Thinking it was gonna be another cat I didn't get too excited till I saw the Speck. I had been wanting to go Speck huntin for a while and just hadn't so it was a nice surprise since I hadn't had a fresh Speck in years and am converting the family into eating REAL FISH instead of those processed Stickfish they were used too ;-}. Was a nice addition to my B-Day dinner.
Oh, there was 1 other 'hook-up'. It came from the infamous "Flyin Herron Fish"

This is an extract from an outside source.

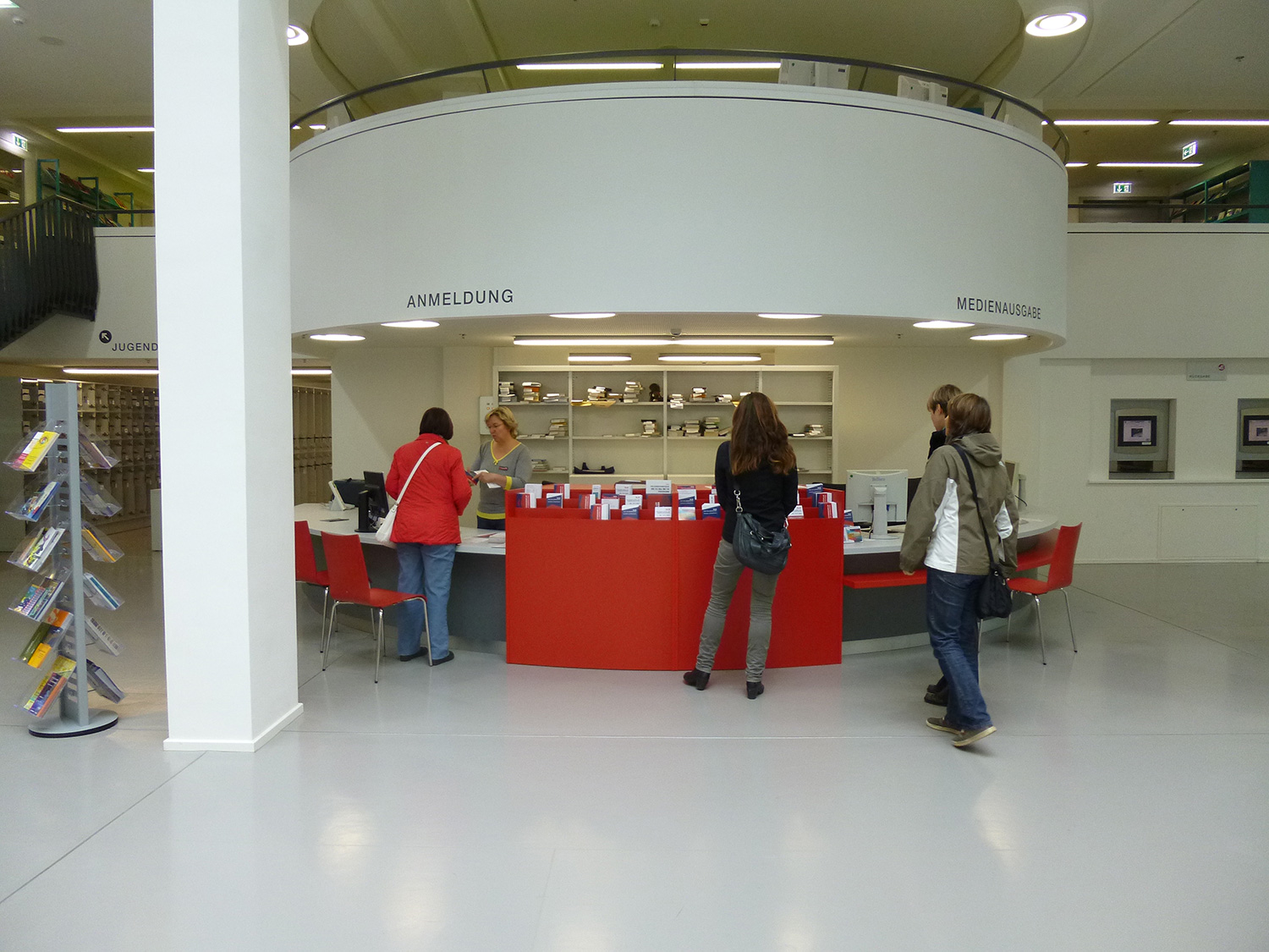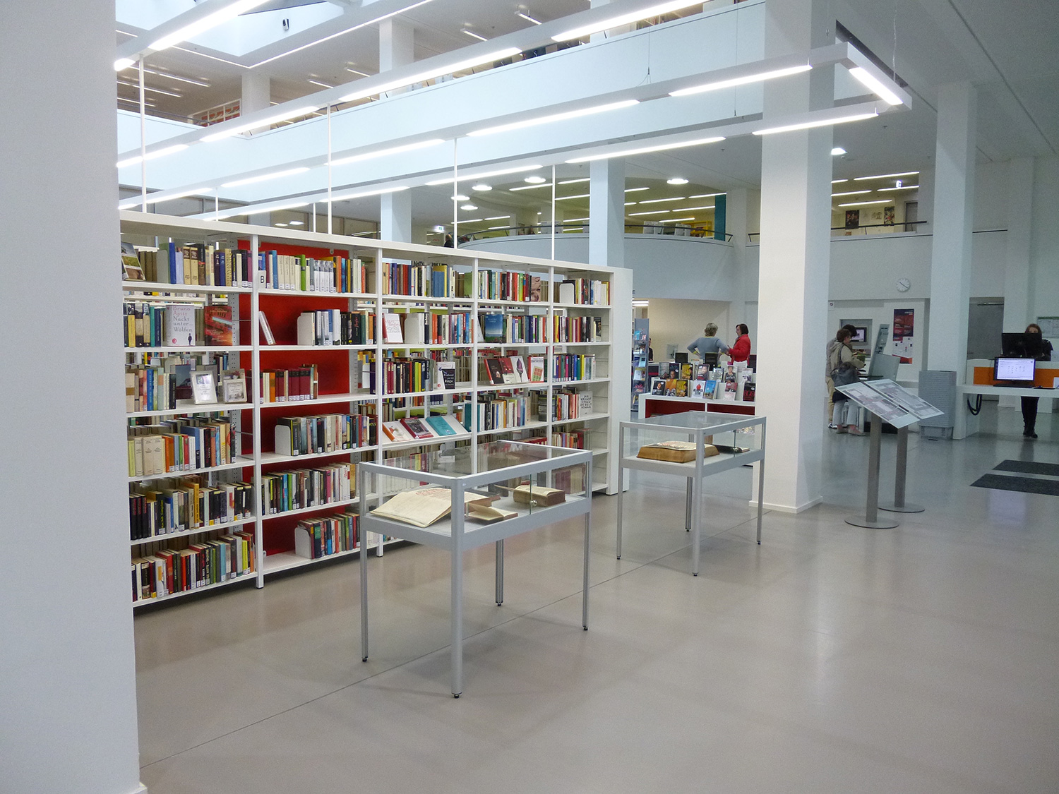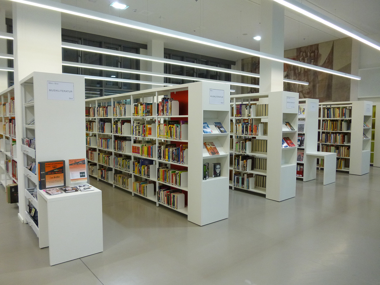 The Schulz Speyer Bibliothekstechnik AG had among other things the shelving system Uniflex with wooden floor as well as custom made solutions – as special curved shelves – to make the interior suitable to realizing the goal. The focus was on the high quality and the optimal mediapresentation so the guest would be inspired.

Tried to get him in so I could try and untangle/unhook him but he finally cut my line close to himself instead of draggin about 100' of it. Hope the poor guy didn't have the hook in him. So, if any of ya see a Herron with a balloon on him, help the guy out :]
All in all was a good day unless of course I count the 2 A$$HOLES.
Did I mention the A$$HOLE who drives the Santa Rosa Yacht Club Taxi = A$$HOLE boat that likes to PURPOSELY cut across people's lines and then decide to dare/tempt by cutting under the bridge the next piling over (about 15' from me) instead of other PROPER BOATING options. Besides the safety hazard from him doing as done, it reminded me of my years at PB pier and people getting pi$$ed and purposely slinging at boaters. But, at least they were out to fish whereas he wasn't. Hell, it's not like the pier was packed (only a couple others on it) or there was/is no place to cut thru. His actions were intentional just like the A$$HOLE on the dark red and white Jetski wearing a wetsuit that I probably forgot to mention. He purposely decided to buzz around w/n 10' my ballooned bait. I think he was gonna circle it but realized he might could get tangled so he decided to head straight for me but quickly changed directions when I picked up my bait catchin rig. Though I hadn't thought of throwing at him it made me feel that he's hassled others before.


----------



## devinsdad (Mar 31, 2010)

Hmmmmm. I have always refused to throw lead weights at boaters, but I would have made an exception in your case. Or invite him to meet me at the shore for a little one-on-one. Rude boaters make great shark bait.


----------



## Blue Waters (Feb 19, 2010)

one year I had a boater come under the bridge and take my line with him, only to brake it off so only thing I could do is give him the finger sign of thanks to you buddy.


----------



## drifterfisher (Oct 9, 2009)

I have to ask, why do people fish under the bridges and piers with a boat when you have the whole bay to fish in? makes no sense to me,but anyone who spends thousands on a boat has no sense to begin with....


----------